Passeggiate per tornare in natura \ Fontana del Guercio

Siamo arrivati alla nostra sesta passeggiata del cuore! Abbiamo selezionato per voi percorsi immersi nella natura, dove ritrovare veramente il legame con l'ambiente dopo la fine del lockdown. Sentieri adatti ad essere esplorati in autonomia e in famiglia, che permettono di osservare specie e scenari interessanti. Questa volta vi vogliamo parlare della Riserva Naturale Fontana del Guercio. La Riserva, istituita nel 1986, è un’area protetta regionale per la gran parte ricoperta da boschi. Le peculiarità naturalistiche della riserva sono soprattutto di tipo idrogeologico: questo territorio infatti ospita ben 11 sorgenti, utilizzate dall’uomo probabilmente sin dai tempi dei Celti. I fontanili sono delimitati da muri a secco che risalgono alla fine del 1600. Tra i fontanili più importanti ricordiamo la “Testa del Nan”, uno dei maggiori fontanili lombardi, la “Testa del Capùn” e la “Fontana del Guercio” che dona il nome alla Riserva. La Riserva è un Sito di Interesse Comunitario, per la presenza del gambero di fiume (Austropotamobius pallipes).

Indicazioni dettagliate

L'ingresso della Riserva è segnalato dal cartello didattico “Riserva Naturale Fontana del Guercio”. Qui si imbocca il sentiero, costeggiato sulla sinistra da un declivio boschivo.
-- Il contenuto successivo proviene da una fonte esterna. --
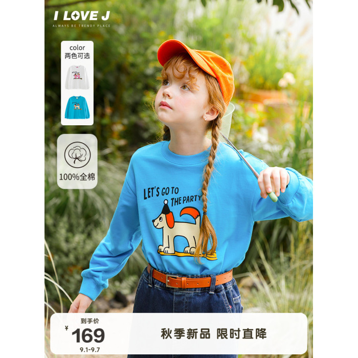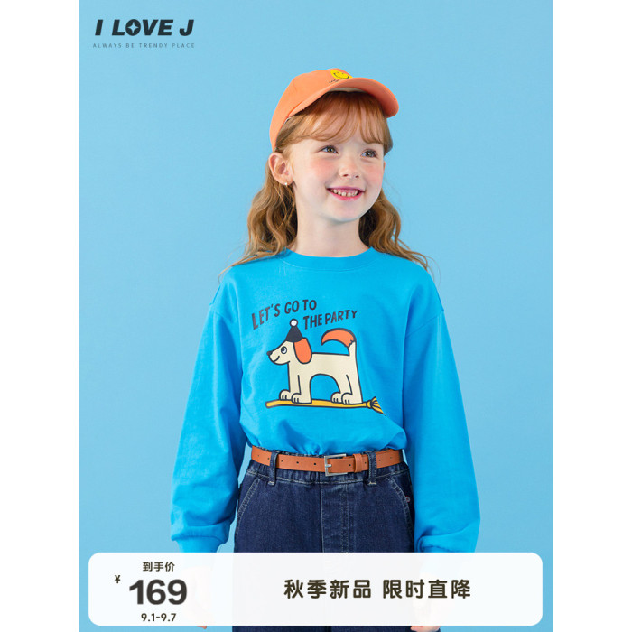 ILOVEJ韓國童裝2025秋季新款女童小狗衛衣長袖純棉T恤上衣JXFTO15
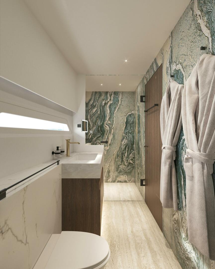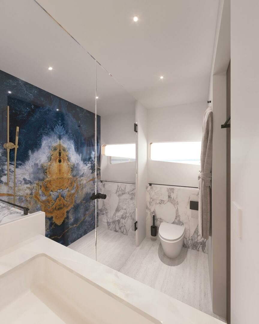 The interior of LANIAKEA is impressive, boasting a spacious, modern and open-plan layout on the main deck that seamlessly integrates a saloon, dining area, and galley. The yacht features a five-cabin configuration, including a master suite, two VIP staterooms and a further two additional cabins offering luxurious accommodations for up to 10 guests.

Dopo circa duecento metri si raggiunge il confluire delle acque del fontanile n. 1 nella Roggia, e il cartello didattico “Un bosco di ontano nero”. In queste zone è possibile incontrare anfibi interessanti: la Salamandra pezzata (Salamandra salamandra) e la Rana di Lataste (Rana latastei). Seguono sulla sinistra i fontanili n. 2 e 3, raggiungibili insieme al n. 4 tramite un sentiero. Poco dopo si incontra la Fontana del Guercio. Questo fontanile si presenta come uno stagno alimentato da un rivolo d’acqua che esce dalla roccia. Subito a destra troviamo il fontanile n. 5. Continuando a camminare troviamo il cartello “L’ecosistema Roggia Borromeo” e il fontanile n. 7. I fontanili nn. 7, 8, 9, 10, 11 e 12 formano un “grappolo” non visibile dal sentiero principale, ma facilmente raggiungibile. Dopo essersi ricongiunti col sentiero principale si costeggia la recinzione per raggiungere la Roggia. Il sentiero principale in questo punto passa su un ponte sopra la Roggia, dalla quale si allontana, per dirigersi verso la strada e ad un'entrata alternativa della Riserva. Per raggiungere la Testa del nan si procede invece sul sentiero che attraversa il prato. Dopo un lungo tratto di sentiero costeggiante la Roggia Borromea, si raggiunge la Testa del nan.